_What this task involves:_
Please repeat, precisely as written, only the lines from the one containing "Plonge dans l’univers" through the last line of the records below, pictures omitted.

[Stored records]
┄┄┄┄┄┄┄┄┄┄

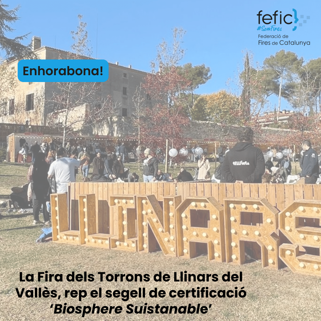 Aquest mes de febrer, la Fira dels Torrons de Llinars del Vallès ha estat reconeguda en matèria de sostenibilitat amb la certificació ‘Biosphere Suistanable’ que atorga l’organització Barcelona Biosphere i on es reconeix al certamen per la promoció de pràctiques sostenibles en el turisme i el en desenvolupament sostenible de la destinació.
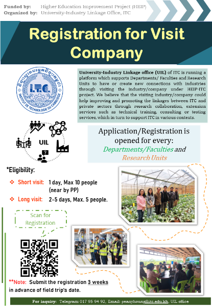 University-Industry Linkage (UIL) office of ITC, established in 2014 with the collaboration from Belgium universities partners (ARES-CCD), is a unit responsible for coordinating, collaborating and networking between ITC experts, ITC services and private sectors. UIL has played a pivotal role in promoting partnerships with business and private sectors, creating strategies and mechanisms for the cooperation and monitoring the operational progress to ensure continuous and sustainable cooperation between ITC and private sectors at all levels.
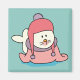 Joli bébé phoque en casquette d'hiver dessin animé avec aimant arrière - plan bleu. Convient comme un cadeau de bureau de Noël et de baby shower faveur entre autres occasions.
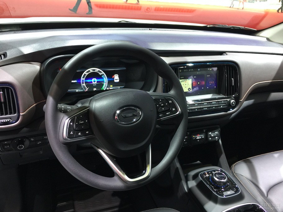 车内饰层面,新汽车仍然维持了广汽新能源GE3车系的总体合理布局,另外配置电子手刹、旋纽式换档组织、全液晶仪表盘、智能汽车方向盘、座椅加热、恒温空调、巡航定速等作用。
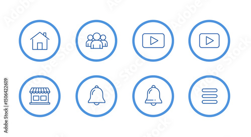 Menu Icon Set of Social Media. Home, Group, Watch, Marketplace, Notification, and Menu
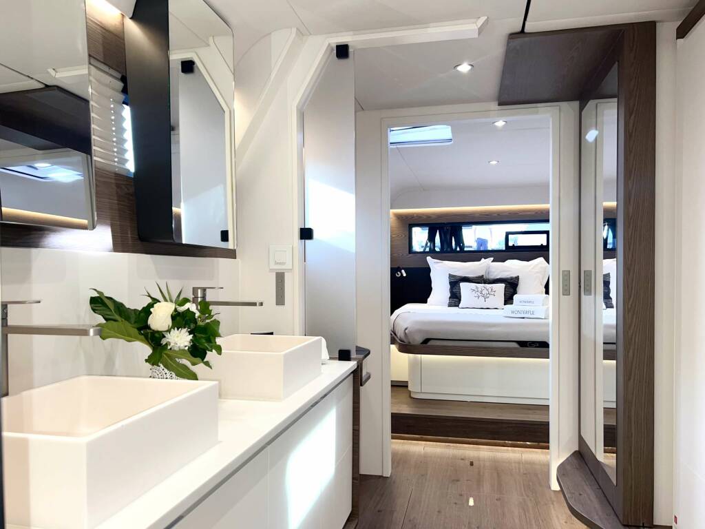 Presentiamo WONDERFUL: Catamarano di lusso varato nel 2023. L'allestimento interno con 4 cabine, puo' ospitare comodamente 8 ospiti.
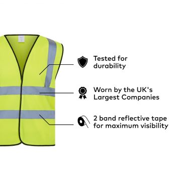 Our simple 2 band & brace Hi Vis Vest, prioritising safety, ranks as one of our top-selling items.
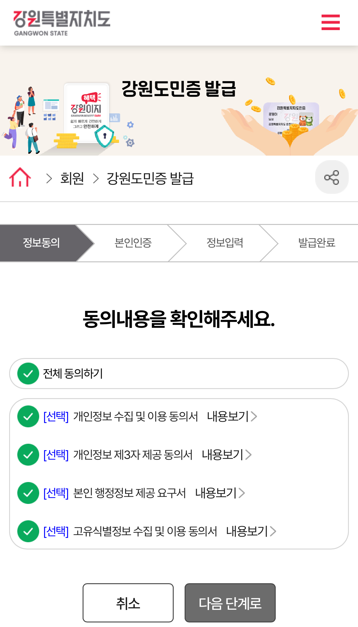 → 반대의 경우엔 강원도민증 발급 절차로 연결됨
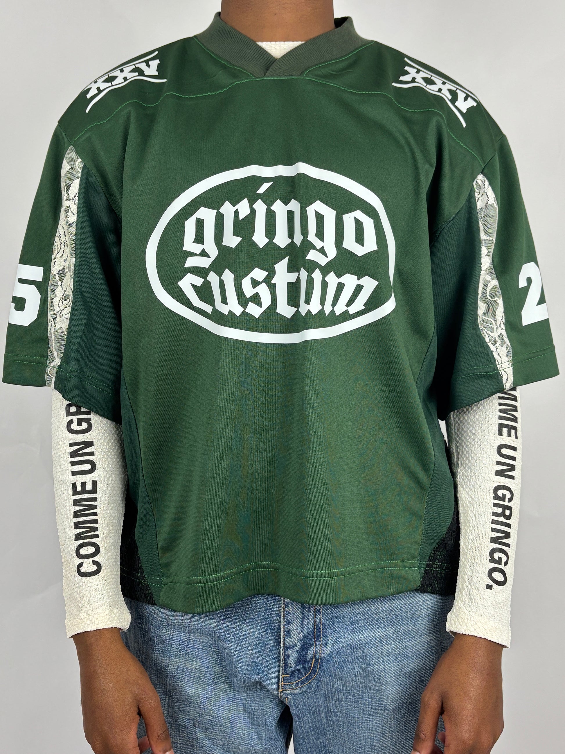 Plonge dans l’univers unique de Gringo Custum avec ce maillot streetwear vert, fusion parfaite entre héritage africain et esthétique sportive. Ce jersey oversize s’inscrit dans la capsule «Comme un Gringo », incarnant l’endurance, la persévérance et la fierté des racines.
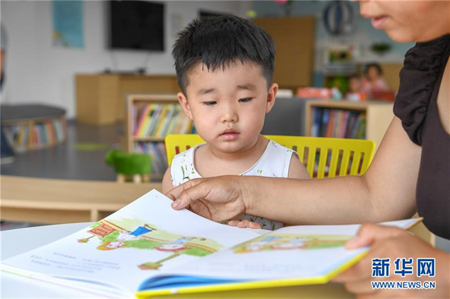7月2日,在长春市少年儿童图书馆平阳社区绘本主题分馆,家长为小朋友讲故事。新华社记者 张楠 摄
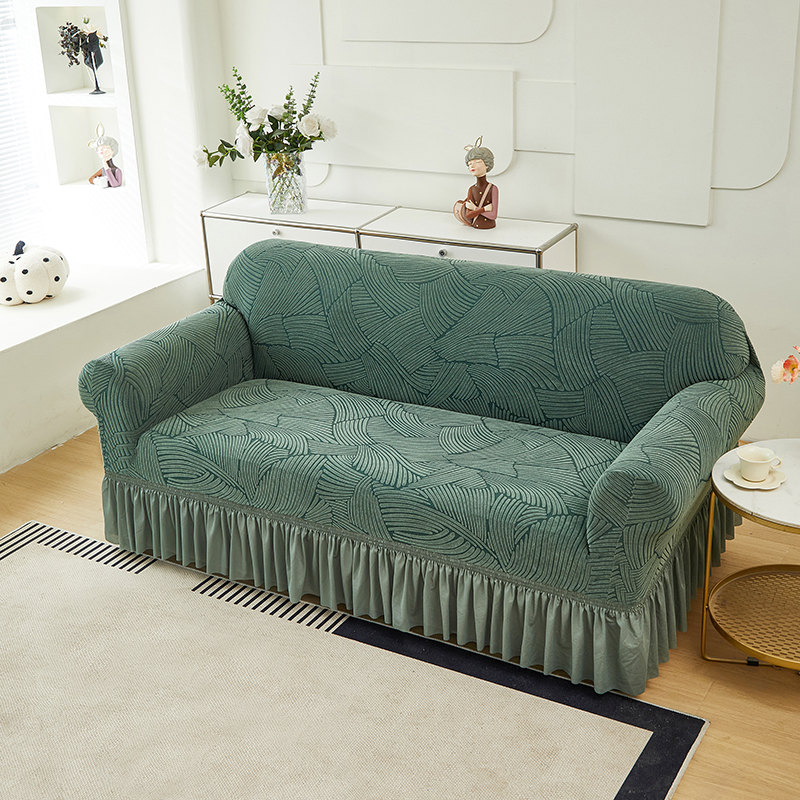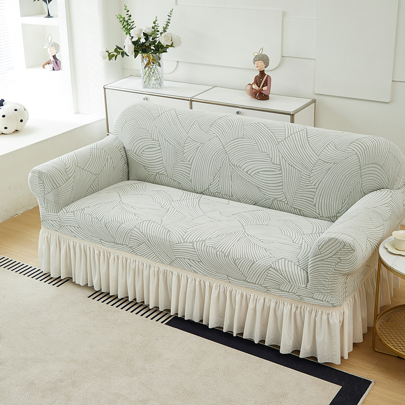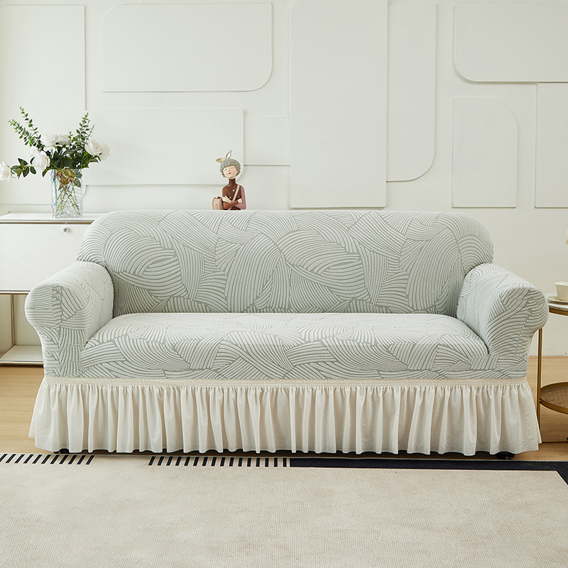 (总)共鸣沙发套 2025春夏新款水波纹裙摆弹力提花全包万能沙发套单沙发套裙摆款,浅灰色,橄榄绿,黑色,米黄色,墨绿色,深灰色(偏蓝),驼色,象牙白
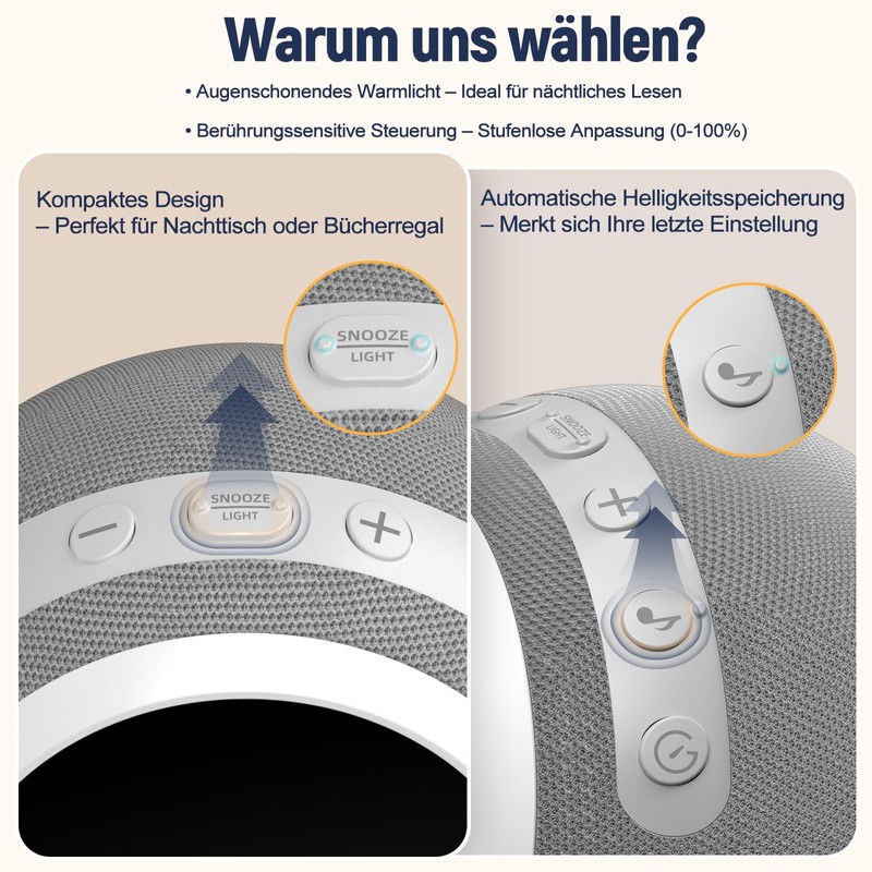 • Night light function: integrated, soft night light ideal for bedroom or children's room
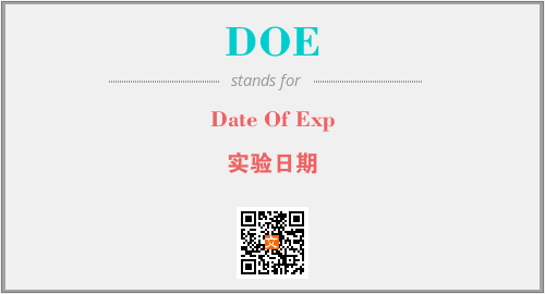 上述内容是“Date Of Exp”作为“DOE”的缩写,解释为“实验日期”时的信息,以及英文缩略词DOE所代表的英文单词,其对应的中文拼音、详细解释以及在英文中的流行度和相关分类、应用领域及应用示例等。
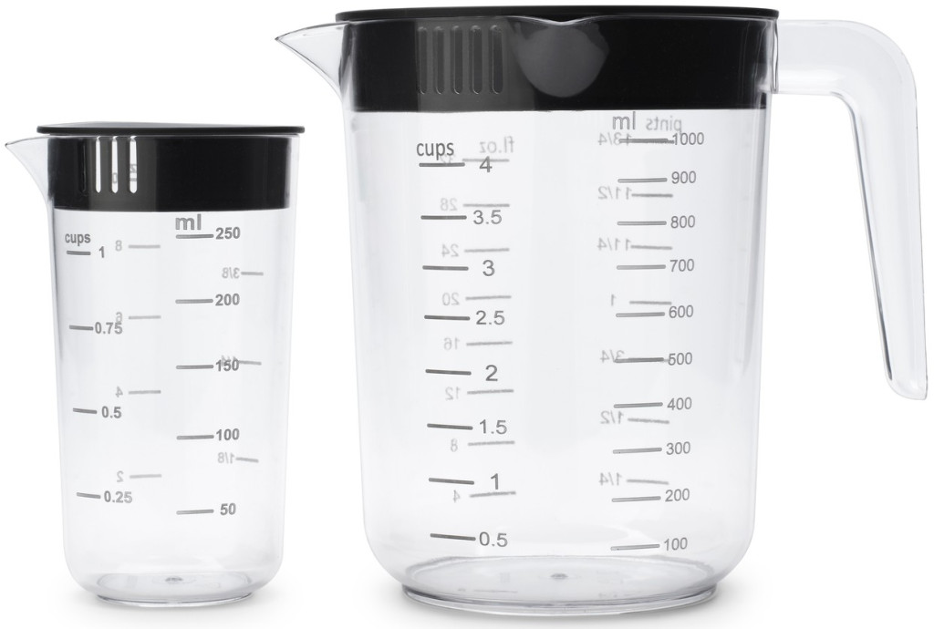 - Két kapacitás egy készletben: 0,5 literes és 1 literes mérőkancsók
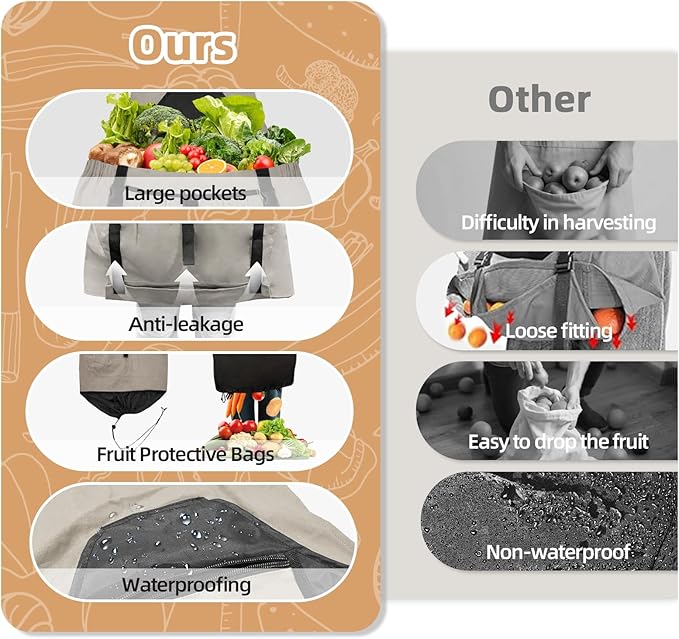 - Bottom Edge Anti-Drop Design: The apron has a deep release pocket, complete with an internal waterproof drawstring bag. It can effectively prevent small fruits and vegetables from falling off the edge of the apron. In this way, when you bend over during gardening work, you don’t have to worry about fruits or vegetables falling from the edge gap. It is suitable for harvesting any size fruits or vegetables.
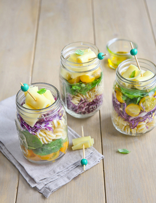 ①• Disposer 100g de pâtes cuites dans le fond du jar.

┄┄┄┄┄┄┄┄┄┄

_Expected output:_
 Plonge dans l’univers unique de Gringo Custum avec ce maillot streetwear vert, fusion parfaite entre héritage africain et esthétique sportive. Ce jersey oversize s’inscrit dans la capsule «Comme un Gringo », incarnant l’endurance, la persévérance et la fierté des racines.
7月2日,在长春市少年儿童图书馆平阳社区绘本主题分馆,家长为小朋友讲故事。新华社记者 张楠 摄
 (总)共鸣沙发套 2025春夏新款水波纹裙摆弹力提花全包万能沙发套单沙发套裙摆款,浅灰色,橄榄绿,黑色,米黄色,墨绿色,深灰色(偏蓝),驼色,象牙白
 • Night light function: integrated, soft night light ideal for bedroom or children's room
 上述内容是“Date Of Exp”作为“DOE”的缩写,解释为“实验日期”时的信息,以及英文缩略词DOE所代表的英文单词,其对应的中文拼音、详细解释以及在英文中的流行度和相关分类、应用领域及应用示例等。
 - Két kapacitás egy készletben: 0,5 literes és 1 literes mérőkancsók
 - Bottom Edge Anti-Drop Design: The apron has a deep release pocket, complete with an internal waterproof drawstring bag. It can effectively prevent small fruits and vegetables from falling off the edge of the apron. In this way, when you bend over during gardening work, you don’t have to worry about fruits or vegetables falling from the edge gap. It is suitable for harvesting any size fruits or vegetables.
 ①• Disposer 100g de pâtes cuites dans le fond du jar.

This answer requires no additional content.